# Pterinochilus murinus



## los3r (Jan 17, 2015)

Got supplies in today to set up my obt's permanent home today. 12x12x18 zoo med. Has a drainage layer, soil, leaf litter and seeded it with springtails. What do you guys think?
You can sort of see his/her butt there

Reactions: Like 1


----------



## vespers (Jan 19, 2015)

los3r said:


> Got supplies in today to set up my obt's permanent home today. 12x12x18 zoo med. Has a drainage layer, soil, leaf litter and seeded it with springtails. What do you guys think?


I think if the enclosure is kept moist enough to actually support springtails for any length of time, its not the right enclosure for an OBT.

Reactions: Like 2


----------



## MatthewM1 (Jan 19, 2015)

vespers said:


> I think if the enclosure is kept moist enough to actually support springtails for any length of time, its not the right enclosure for an OBT.


+1 looks like it would be a wonderful Psalmopoeus reduncus enclosure though. =)


----------



## los3r (Jan 19, 2015)

In that case, i'll let the springtails die out. Much rather have a healthy spider


----------



## Tarantula Fangs (Jan 19, 2015)

I like the design, I think it would be great for an arboreal T, good job.


----------



## eldondominicano (Jan 19, 2015)

los3r said:


> In that case, i'll let the springtails die out. Much rather have a healthy spider


cool enclosure, OBT's have done pretty well in arboreal type setups that I've seen.. Yes I second the springtail opinion.

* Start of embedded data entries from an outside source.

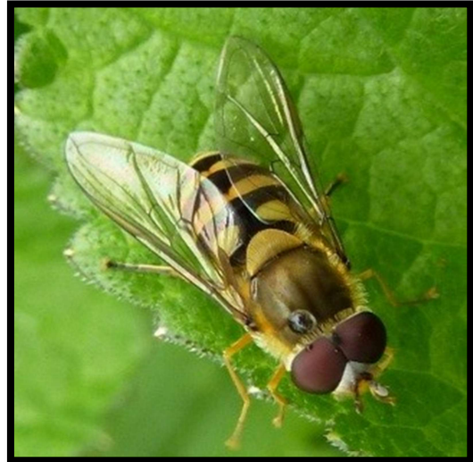
Syrphus ribesii
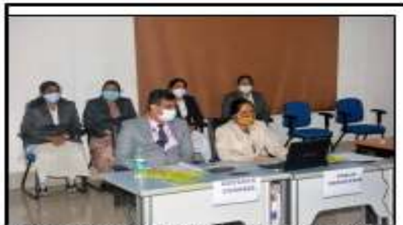
Figure 3: public prosecutor remote point
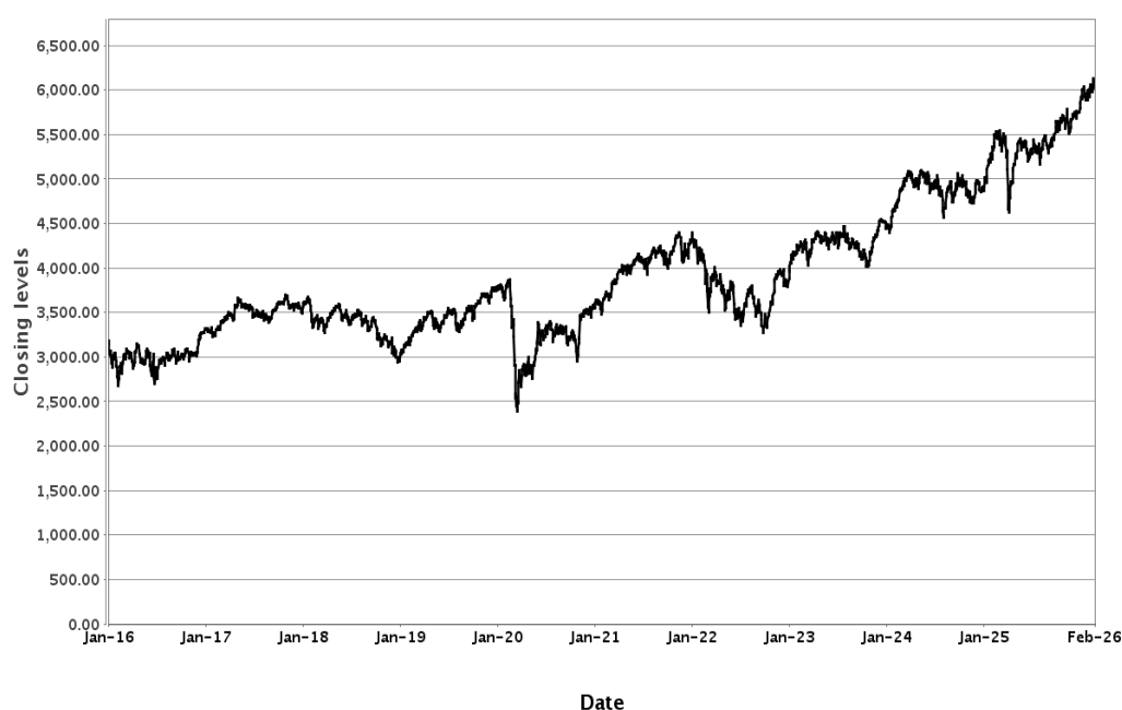
EURO STOXX 50® Index

PAST PERFORMANCE IS NOT INDICATIVE OF FUTURE RESULTS.
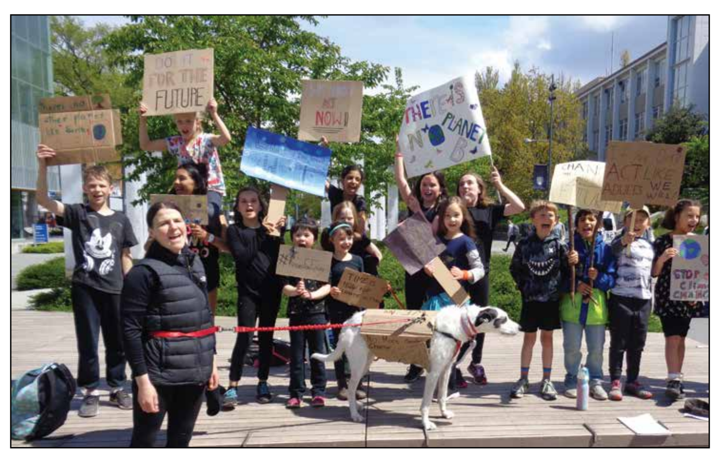
University Hill Elementary School students and some parents demonstrate in front of the Robert H. Lee Alumni Centre at UBC during the climate strike on school day Friday, May 3.
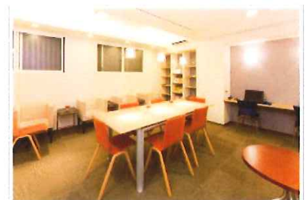
a common room

Check-out date: August 10 (Sat.) before 10:00 am
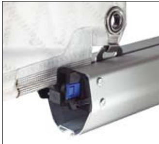
Inboard end The built-in sail feeder (moulded into the fitting) provides a guide for the mainsail clew.

The dinghy range of boom end fittings have been designed to provide an unparalleled level of functionality. Manufactured from inert, hard-wearing composite, these fittings offer multiple sheave lead solutions for outhaul, reefing, pole retraction, flatteners, or anything else you can think of.
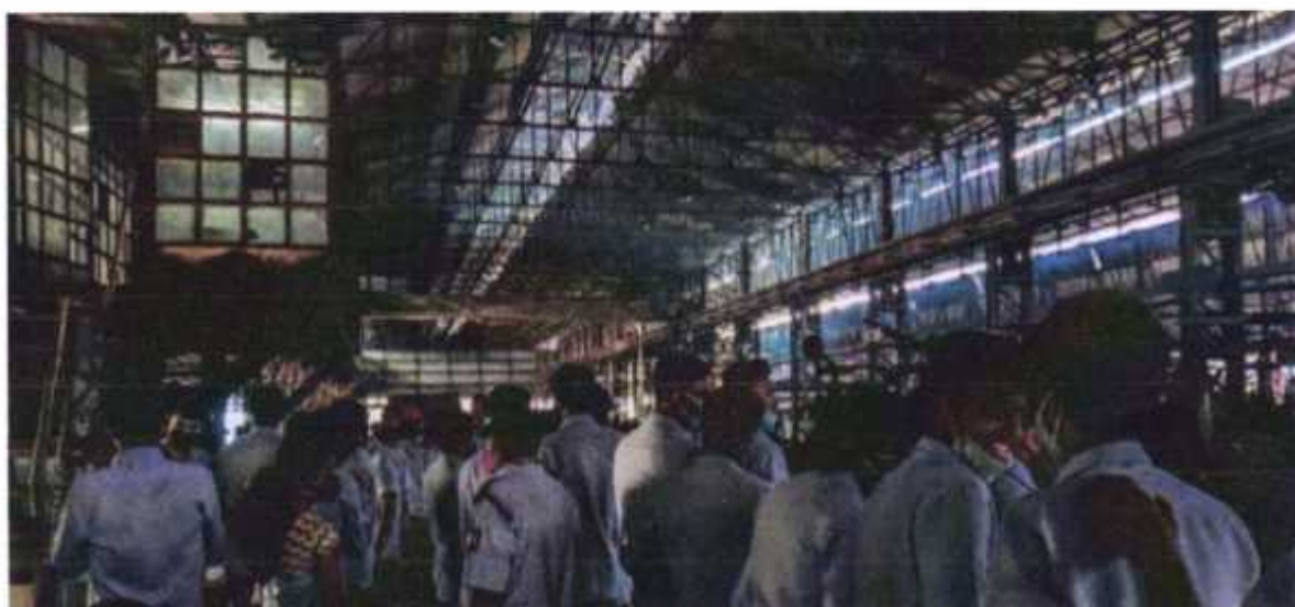
(Students seeing the process of steel manufacturing)

OBT's like Dryer climates

---------- Post added 01-19-2015 at 03:29 PM ----------

What is the size of your OBT?

---------- Post added 01-19-2015 at 03:37 PM ----------

And how much research have you done on this T? Just curious because of the particular sp. you got


----------



## los3r (Jan 19, 2015)

Seems to be between 2.5 and 3". Current humidity is reading at about 50% And I've read a lot about them. Fast, defensive, extremely painful bite. A look but don't touch spider. Only thing I wasn't quite sure of is the humidity they needed. Since I've read both that they need a lot and that they don't.


----------



## eldondominicano (Jan 19, 2015)

los3r said:


> Seems to be between 2.5 and 3". Current humidity is reading at about 50% And I've read a lot about them. Fast, defensive, extremely painful bite. A look but don't touch spider. Only thing I wasn't quite sure of is the humidity they needed. Since I've read both that they need a lot and that they don't.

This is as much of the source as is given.